**About this task:** Word for word, copy out every line of the records, omitting each picture.

Data records
BEGIN

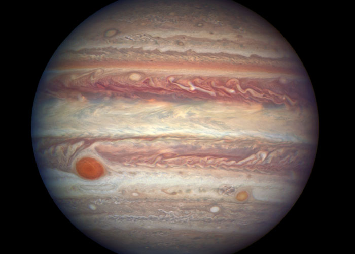 Por su parte, en esta ocasión el protagonista es el planeta Júpiter, de este planeta el telescopio mostró maravillosas imágenes. En concreto, se han publicado dos fotos nuevas de Júpiter, en las que además aparecen sus lunas Europa, Tebas y Metis. Hay dos imágenes: una muestra las longitudes de ondas cortas (izquierda) y otra las longitudes de ondas largas (derecha).
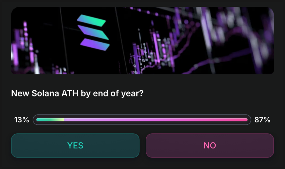 하지만 그와 별개로 솔라나 코인에 대한 기대치는 현재 높지 않습니다. 예측 시장에서 '올해 안으로 솔라나가 역사상 최고치를 찍을 수 있을 것인가'에 대한 부분에 긍정적으로 베팅을 한 사람은 13%에 불과했기 때문이죠.
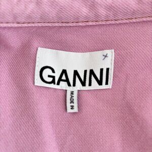 This pink GANNI ruffled collar lightweight denim shirt jacket (shacket) is crafted with organic cotton and cut for a relaxed fit.
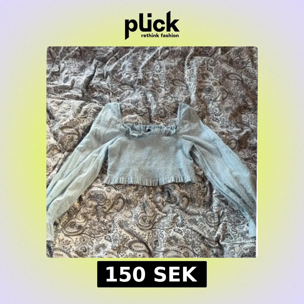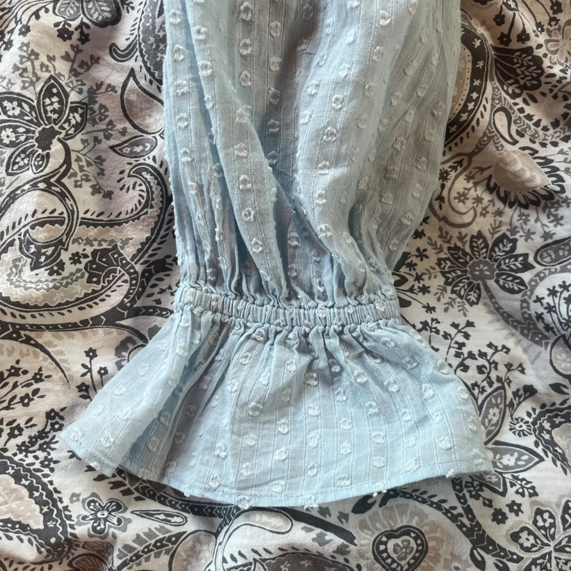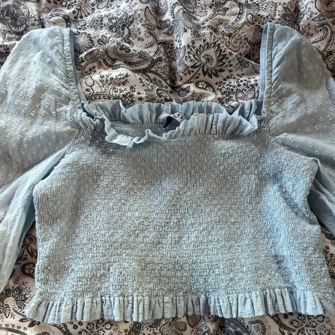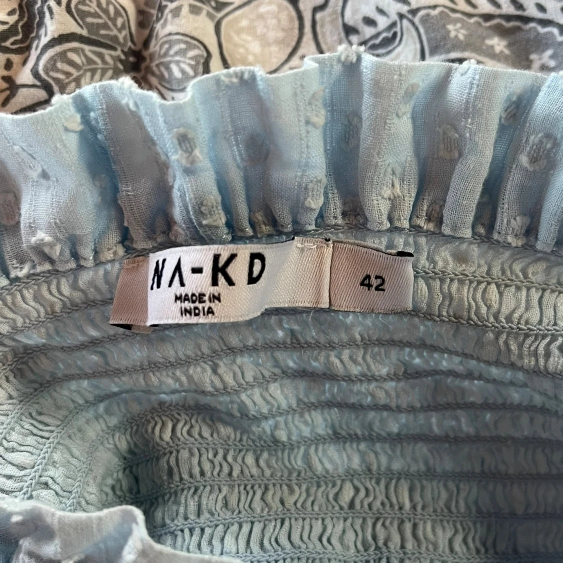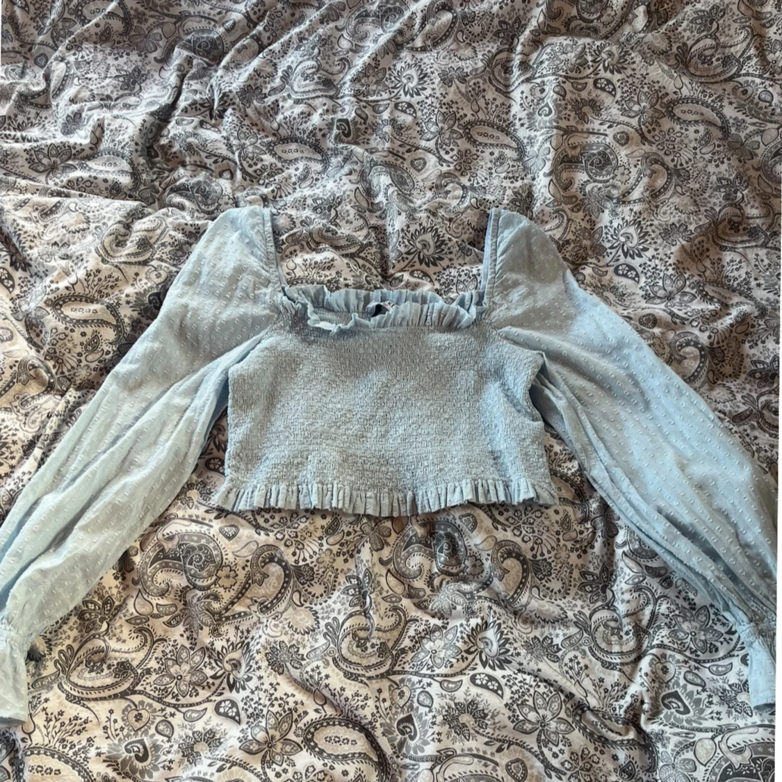Supersöt ljusblå blus från NA-KD med smockad kropp, volangdetaljer vid halsringning och nederkant samt långa puffärmar med diskret prickigt strukturmönster. Blusen har fyrkantig urringning och är croppad för en trendig look.Använd några gånger men har inga märken!Säljer för den är lite liten på mig och lite kort för min smak
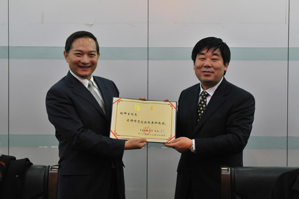 宋觉副书记对张昆生司长的基本情况做了简要介绍。杨宗科副校长向张昆生司长颁发了聘书。学生代表向张昆生司长献花、佩戴校徽。
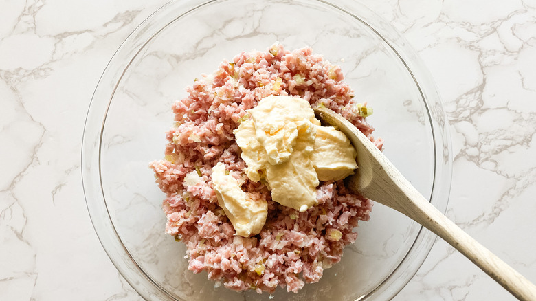 You can chop the ingredients during your prep or save some time by purchasing already-cut onions and celery (just be sure they're fresh — you'll want some crunch in your ham salad). When chopping the celery, remember to save the leafy end section — these leaves add a nice flavor to soups and broths and are also tasty when mixed into a salad.
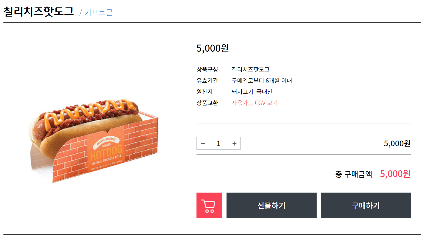 5. 칠리치즈핫도그 - 가격은 5,000원입니다.
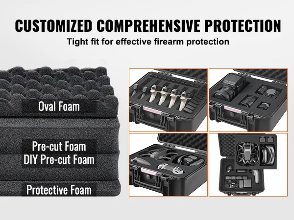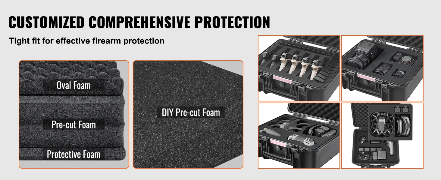 The upper cover of the hard gun case is lined with egg-shaped foam, with pre-cut foam for firearm placement, and the bottom layer includes protective foam to ensure a perfect fit with firearms and prevent damage and scratches due to improper sizing.
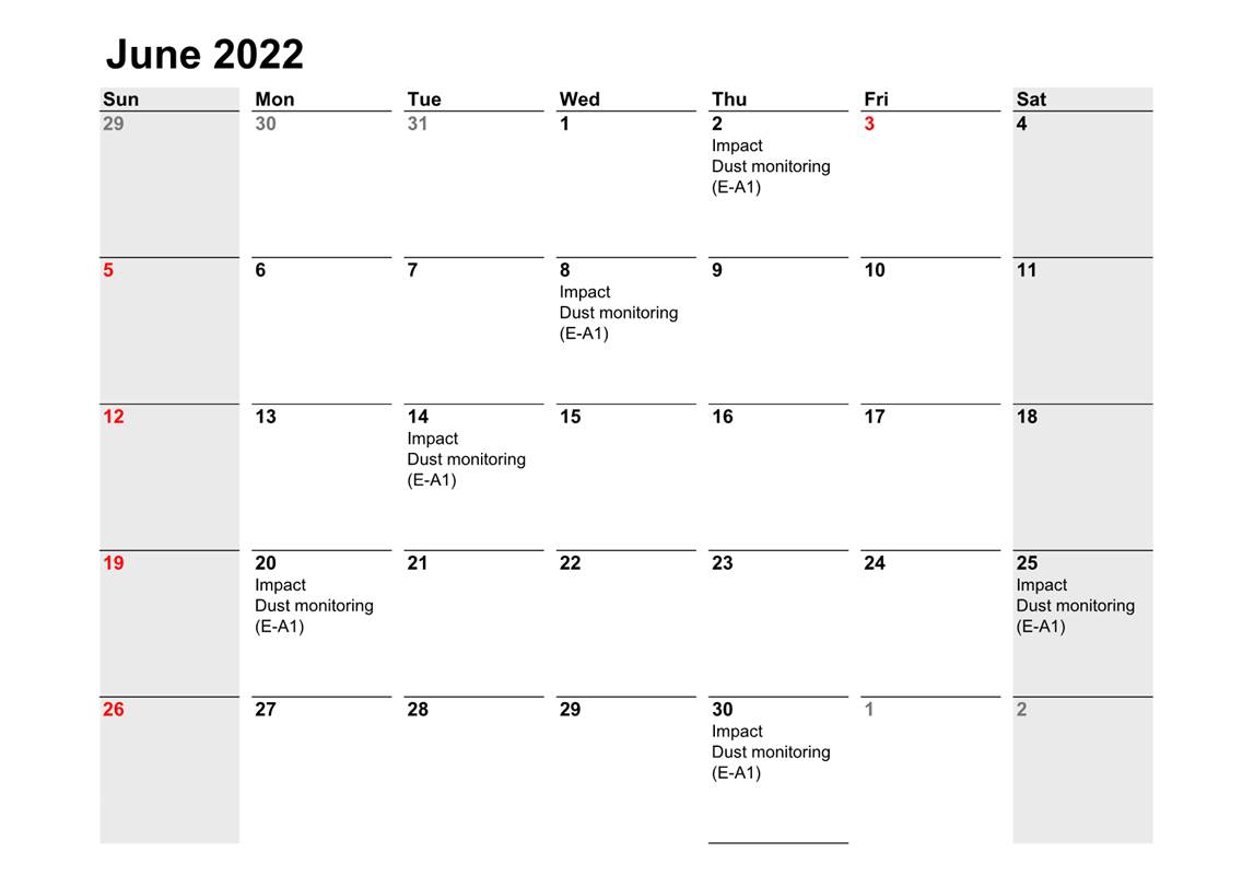 2.2 No Action/Limit Level exceedance was recorded for all 1-hour TSP and 24-hour TSP monitoring in the reporting month.

END

**Completed exercise:**
 Por su parte, en esta ocasión el protagonista es el planeta Júpiter, de este planeta el telescopio mostró maravillosas imágenes. En concreto, se han publicado dos fotos nuevas de Júpiter, en las que además aparecen sus lunas Europa, Tebas y Metis. Hay dos imágenes: una muestra las longitudes de ondas cortas (izquierda) y otra las longitudes de ondas largas (derecha).
 하지만 그와 별개로 솔라나 코인에 대한 기대치는 현재 높지 않습니다. 예측 시장에서 '올해 안으로 솔라나가 역사상 최고치를 찍을 수 있을 것인가'에 대한 부분에 긍정적으로 베팅을 한 사람은 13%에 불과했기 때문이죠.
 This pink GANNI ruffled collar lightweight denim shirt jacket (shacket) is crafted with organic cotton and cut for a relaxed fit.
Supersöt ljusblå blus från NA-KD med smockad kropp, volangdetaljer vid halsringning och nederkant samt långa puffärmar med diskret prickigt strukturmönster. Blusen har fyrkantig urringning och är croppad för en trendig look.Använd några gånger men har inga märken!Säljer för den är lite liten på mig och lite kort för min smak
 宋觉副书记对张昆生司长的基本情况做了简要介绍。杨宗科副校长向张昆生司长颁发了聘书。学生代表向张昆生司长献花、佩戴校徽。
 You can chop the ingredients during your prep or save some time by purchasing already-cut onions and celery (just be sure they're fresh — you'll want some crunch in your ham salad). When chopping the celery, remember to save the leafy end section — these leaves add a nice flavor to soups and broths and are also tasty when mixed into a salad.
 5. 칠리치즈핫도그 - 가격은 5,000원입니다.
 The upper cover of the hard gun case is lined with egg-shaped foam, with pre-cut foam for firearm placement, and the bottom layer includes protective foam to ensure a perfect fit with firearms and prevent damage and scratches due to improper sizing.
 2.2 No Action/Limit Level exceedance was recorded for all 1-hour TSP and 24-hour TSP monitoring in the reporting month.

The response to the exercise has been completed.